Without including the pictures, copy out every line below.

## Information provided
#####

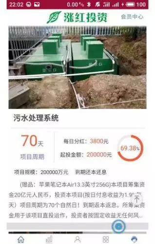 污水系统项目集资,项目集资70天,每日分红3800元。
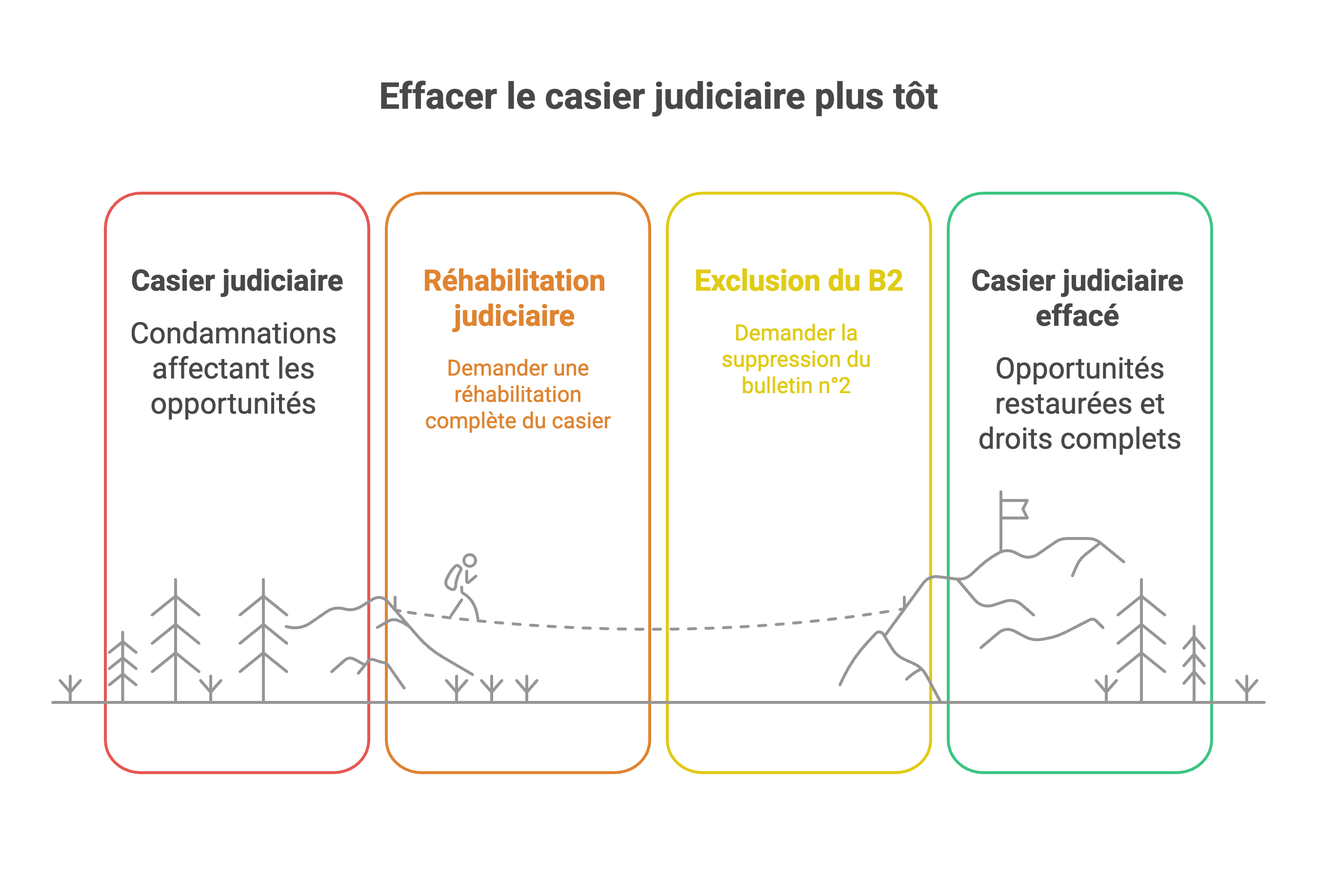 Les délais d’effacement automatique du casier judiciaire peuvent être très longs — parfois dix ou vingt ans selon la nature de la peine. Attendre passivement la réhabilitation de plein droit n’est donc pas toujours adapté, surtout lorsqu’un projet professionnel ou une procédure administrative (demande de naturalisation, carte professionnelle, agrément) est en jeu. Dans ces situations, il existe deux leviers juridiques permettant d’agir avant l’expiration des délais : la réhabilitation judiciaire et l’exclusion du B2.
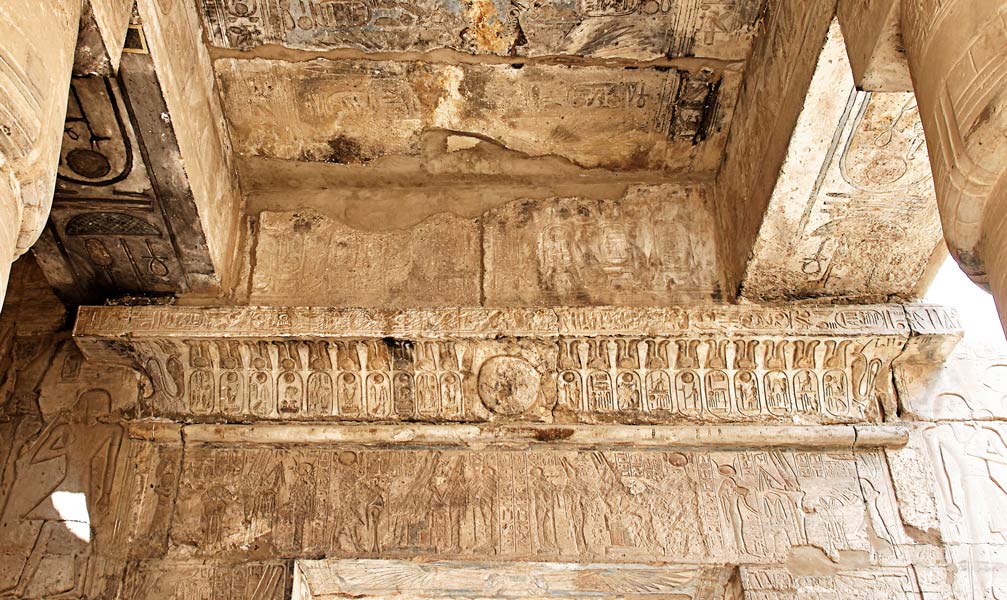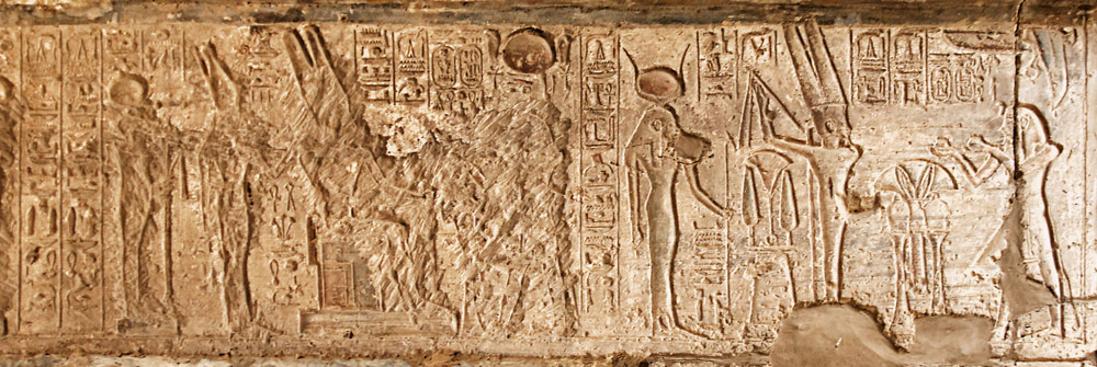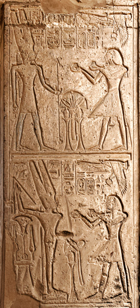 Les scènes du linteau sont ici représentées par ces 2 images. Dans des scènes symétriques, Ramsès II offre des vases à Amon accompagné de Mout en haut (à gauche du linteau) et d'Isis en bas (à droite du linteau). Au milieu, les 2 scènes représentent Ramsès II devant le Triade Thébaine.
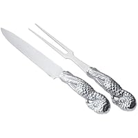 Arthur Court\'s two-piece turkey carving set makes a fitting addition to a Thanksgiving feast or a fun complement to any night poultry is featured on the menu. The handcrafted set includes a carving knife and two-prong serving fork, each with elongated working ends and ornate figural handles realistically shaped like turkeys. The utensils feature hand-polished premium tarnish-resistant aluminum alloy handles and stainless-steel working ends for strength and durability. Each measures 11 inches long; hand wash only to protect the bright finish.

#####

## Written reply
 污水系统项目集资,项目集资70天,每日分红3800元。
 Les délais d’effacement automatique du casier judiciaire peuvent être très longs — parfois dix ou vingt ans selon la nature de la peine. Attendre passivement la réhabilitation de plein droit n’est donc pas toujours adapté, surtout lorsqu’un projet professionnel ou une procédure administrative (demande de naturalisation, carte professionnelle, agrément) est en jeu. Dans ces situations, il existe deux leviers juridiques permettant d’agir avant l’expiration des délais : la réhabilitation judiciaire et l’exclusion du B2.
 Les scènes du linteau sont ici représentées par ces 2 images. Dans des scènes symétriques, Ramsès II offre des vases à Amon accompagné de Mout en haut (à gauche du linteau) et d'Isis en bas (à droite du linteau). Au milieu, les 2 scènes représentent Ramsès II devant le Triade Thébaine.
 Arthur Court\'s two-piece turkey carving set makes a fitting addition to a Thanksgiving feast or a fun complement to any night poultry is featured on the menu. The handcrafted set includes a carving knife and two-prong serving fork, each with elongated working ends and ornate figural handles realistically shaped like turkeys. The utensils feature hand-polished premium tarnish-resistant aluminum alloy handles and stainless-steel working ends for strength and durability. Each measures 11 inches long; hand wash only to protect the bright finish.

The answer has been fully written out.